5. reservation_id = (shard_id << 64) | lsn remains valid because committed lsn order is global within a shard.
6. A client-visible write result is published only after the corresponding log entry is committed.
7. Retrying the same operation_id after failover returns the original committed result or an indefinite outcome; it never creates a silent second execution.
8. Reads are served only from replicas that know they are in the current view and have locally applied at least the requested lsn.
9. Expiration remains log-driven. No replica may free a resource from local wall-clock observation alone.
10. A replica with unvalidated or corrupted local durable state must not vote, lead, or serve until repaired.

What The First Replicated Release Deliberately Does Not Do

This draft intentionally leaves these areas out of the first replicated implementation:

• follower reads
• lease-read optimization
• flexible or asymmetric quorums
• online membership change
• cross-shard transactions or cross-shard reservations
• leaderless write paths
• background speculative execution on backups

Those may be revisited only if the simpler majority-primary design proves insufficient.

Follow-On Work

This draft now pairs with the replicated simulation plan and Jepsen gate in testing.md.
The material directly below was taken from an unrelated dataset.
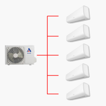 Tepelná čerpadla vzduch-vzduch nabízejí řadu možností: buď připojíte jednu vnitřní jednotku k jedné venkovní jednotce, nebo použijete Multi-split systém a připojíte až pět vnitřních jednotek k jedné venkovní jednotce. Multi-split systém umožňuje efektivně chladit nebo vytápět až pět různých místností na různé teploty.

The M6 replication design gate is complete; further work should reopen as tracked implementation tasks rather than silent protocol drift.

Research Anchors

This draft is shaped primarily by:

• Viewstamped Replication Revisited
• Flexible Paxos
• Protocol-Aware Recovery for Consensus-Based Storage
• Can Applications Recover from fsync Failures?

The rule is still the same as elsewhere in the repository: research informs the design, but boundedness, determinism, and the existing single-node semantics stay authoritative.